The toxicity of aldrin and dieldrin is determined by the results of several animal studies. Reports of a significant increase in workers death in relation to aldrin has not been found, although death by anemia is reported in some cases after multiple exposure to aldrin. Immunological tests linked an antigenic response to erythrocytes coated with dieldrin in those cases. Direct dose-response relations being a cause for death are yet to be examined.

The NOAEL that was derived from rat studies:

- The minimal risk level at acute oral exposure to aldrin is 0.002 mg/kg/day.
- The minimal risk level at intermediate exposure to dieldrin is 0.0001 mg/kg/day.
- The minimal risk level at chronic exposure to aldrin is 0.00003 mg/kg/day.
- The minimal risk level at chronic exposure to dieldrin is 0.00005 mg/kg/day.

In addition to these studies, breast cancer risk studies were performed demonstrating a significant increased breast cancer risk. After comparing blood concentrations to number of lymph nodes and tumor size a 5-fold higher risk of death was determined, comparing the highest quartile range in the research to the lower quartile range.

===Effects on animals===
Most of the animal studies done with aldrin and dieldrin used rats. High doses of aldrin and dieldrin demonstrated neurotoxicity, but in multiple rat studies also showed a unique sensitivity of the mouse liver to dieldrin induced hepatocarcinogenicity. Furthermore, aldrin treated rats demonstrated an increased post-natal mortality, in which adults showed an increased susceptibility to the compounds compared to children in rats.

==Environmental impact and regulation==
Like related polychlorinated pesticides, aldrin is highly lipophilic. Its solubility in water is only 0.027 mg/L, which exacerbates its persistence in the environment. It was banned by the Stockholm Convention on Persistent Organic Pollutants. In the U.S., aldrin was cancelled in 1974. The substance is banned from use for plant protection by the EU.
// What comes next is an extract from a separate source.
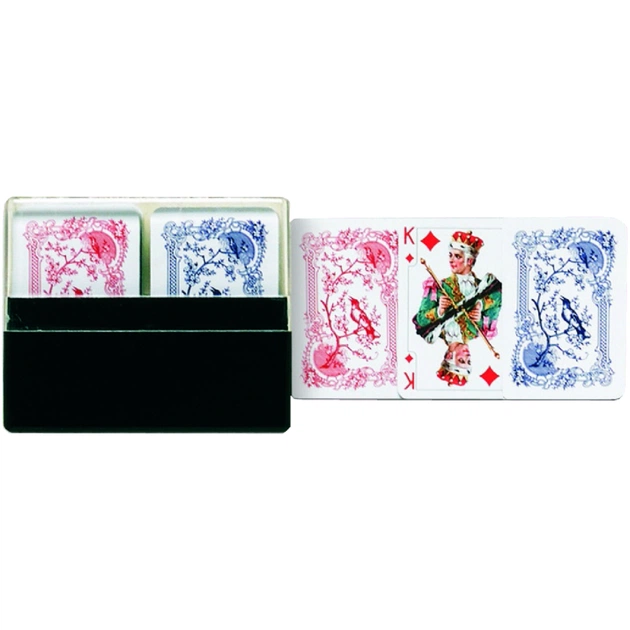 Карты для пасьянса Piatnik Mini Patience – это комплект для разложения пасьянсов. В него входят два миниатюрных бревна по 55 карт размером 30 х 43 мм. Карты можно использовать как для пасьянса, так и для любых карточных игр. Карты Piatnik Mini Patience имеют изысканный дизайн на лицевой стороне. На рубашке изображены птички на дереве, рубашка в двух цветах – синем и красном. Игральные карты изготовлены из картона с пластиковым покрытием. Этот материал удобен в использовании и долговечен. Бревна упакованы в подарочную коробку.

==Safety and environmental aspects==
Aldrin has rat of 39 to 60 mg/kg (oral in rats). For fish however, it is extremely toxic, with an LC_{50} of 0.006–0.01 for trout and bluegill.
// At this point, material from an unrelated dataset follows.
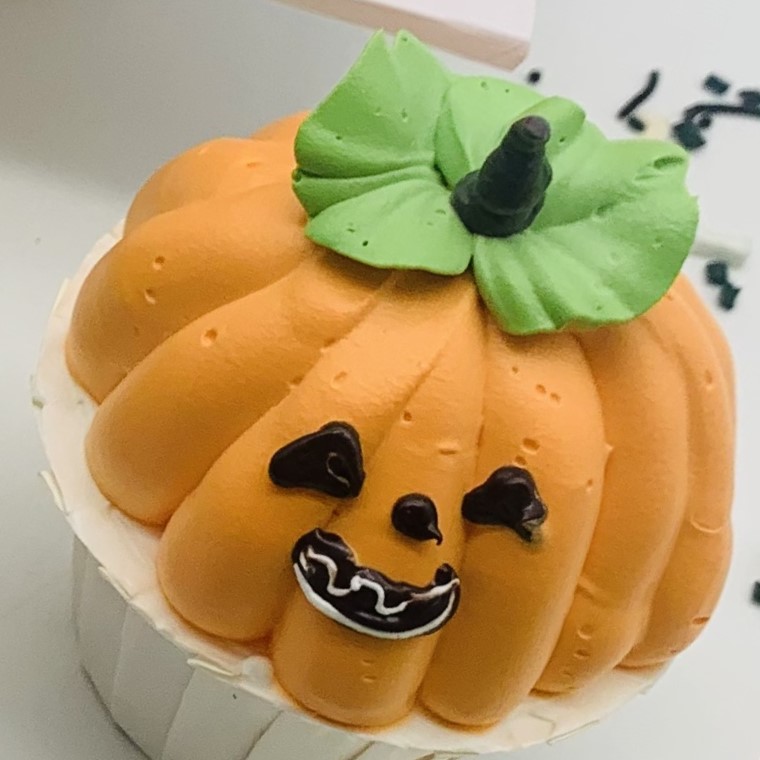1 Stack and carve the sponge cakes into a dome shape (like a pumpkin).

In the US, aldrin is considered a potential occupational carcinogen by the Occupational Safety and Health Administration and the National Institute for Occupational Safety and Health; these agencies have set an occupational exposure limit for dermal exposures at 0.25 mg/m^{3} over an eight-hour time-weighted average.
Further, an IDLH limit has been set at 25 mg/m^{3}, based on acute toxicity data in humans to which subjects reacted with convulsions within 20 minutes of exposure.

It is classified as an extremely hazardous substance in the United States as defined in Section 302 of the U.S. Emergency Planning and Community Right-to-Know Act (42 U.S.C. 11002), and is subject to strict reporting requirements by facilities which produce, store, or use it in significant quantities.